The benefits of computerized data systems that facilitate access to personal health information are clear. Also evident is the need to protect the privacy, confidentiality, and security of that information. Media reports about data breaches have understandably heightened the public’s concerns about protecting personal information. A number of federal laws and regulations govern the disclosure and safeguarding of health information.
Regulations issued under the 1996 Health Insurance Portability and Accountability Act (HIPAA) established important privacy and security protections. HIPAA rules apply to health plans, health care clearinghouses, and health care providers that conduct billing and other transactions electronically (“covered entities”). The HIPAA Privacy Rule delineates who is allowed to access personal health information and for what purposes. The Privacy Rule also obligates covered entities to release records to patients who request them or to transmit records to any recipient designated by the patient. The HIPAA Security Rule requires that covered entities implement safeguards to prevent inappropriate disclosure of personal health information.
The High Information Technology for Economic and Clinical Health (HITECH) portion of the American Recovery and Reinvestment Act of 2009 further strengthened privacy and security protections, moving the health care system closer to achieving a robust privacy and data security framework. HITECH also extends accountability to those doing business (known as “business associates”) with HIPAA-covered entities. (It is important to note that HIPAA does not apply to most mobile application developers or device manufacturers.)
The Genetic Information Nondiscrimination Act (GINA), enacted in 2008, provides additional protections for genetic information, which includes family medical history as well as genetic test results pertaining to an individual or their family members. GINA bars the use of genetic testing information for health insurance and employment decisions. It does not apply to life, disability, or long-term care insurance.
Recognizing that the use of Social Security numbers (SSNs) as a primary form of identification in health insurance programs exposes individuals to identity theft, Medicare began issuing non-SSN linked Medicare cards in 2018.
Additionally, many states have enacted statutes that provide some protection against inappropriate disclosures of personally identifiable medical information. Still, the patchwork of state laws leaves many gaps in privacy protections.
Emerging technologies include genetic testing kits marketed directly towards consumers and mobile applications designed to help patients manage their health and wellness outside of clinical settings. Such advances raise concerns about opportunities for the inappropriate disclosure of personal health information. Additionally, the flow of data from covered entities to consumers via third-party applications raises questions about the limits of existing protections.

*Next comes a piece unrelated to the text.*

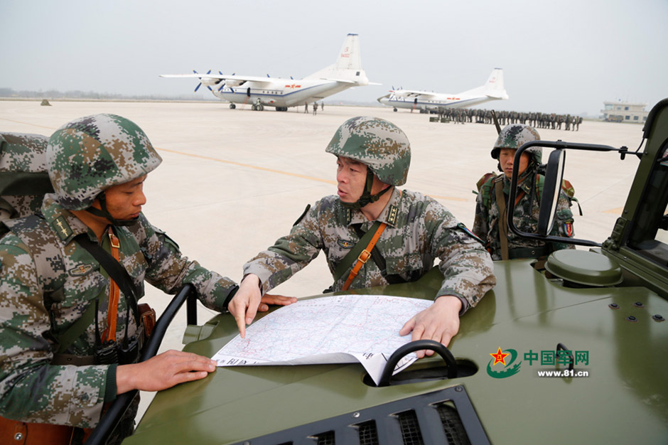 To improve the quick reaction capability, a special operations brigade of Jinan Military Region and an air force unit jointly conduct air transportation training on April 8, 2015.(Photo source: www.81.cn)

Third-party intermediaries like app developers and mobile device manufacturers are usually not covered by HIPAA. They may become responsible for holding or directing personal health data to various providers. The Food and Drug Administration (FDA) regulates a limited number of mobile applications that are used by health care professionals but does not regulate many applications that are used by consumers. FDA’s policy tries to balance the need for consumer protections and the advantages of innovative technologies (see also Medical Devices). Technology experts say that it is possible to protect personal health information by encrypting or anonymizing user data stored on mobile devices, but many consumer devices lack these protections. They also caution that the more data stored on a device, the greater the consequences of a potential security breach.
Through a process known as consumer-mediated data-sharing, consumers would be responsible for requesting and authorizing third-party apps to perform health information exchange (see also Health Information Technology for more discussion about consumer-mediated data-sharing). Anecdotal evidence from focus groups of consumers and family caregivers conducted by AARP in 2016, participants raised concerns about the privacy and security of their personal data in such exchanges of personal health information.
Privacy experts believe that the Fair Information Practice Principles developed by the Federal Trade Commission could provide a framework to protect personal health information stored or transmitted via mobile applications, health devices, consumer-mediated health information exchange, and other emerging technologies. The principles call for full disclosure, including details of how data will be used. They call for data integrity, quality, and accuracy.
Lastly, leveraging health information to improve the quality and efficiency of care for individual patients may be considered of paramount importance. However, federal and state laws also support the secondary use of electronic health information for public health and research purposes. Some critics say that HIPAA (which established federal privacy and security protections concerning the access, use, and disclosure of personal health information) and the “Common Rule” (which outlines basic provisions for the protection of human subjects in research) interfere with biomedical research and restrict access to genetic databases, patient registries, medical records, and other information sources. Others maintain that barriers to the access, use, and disclosure of health information result from overzealous interpretation of the legal requirements, not the law or the regulations themselves.
A comprehensive framework of privacy and security safeguards, including transparency regarding uses and disclosures of personal health data, will help ensure public trust in health information technology and the appropriate use of health information.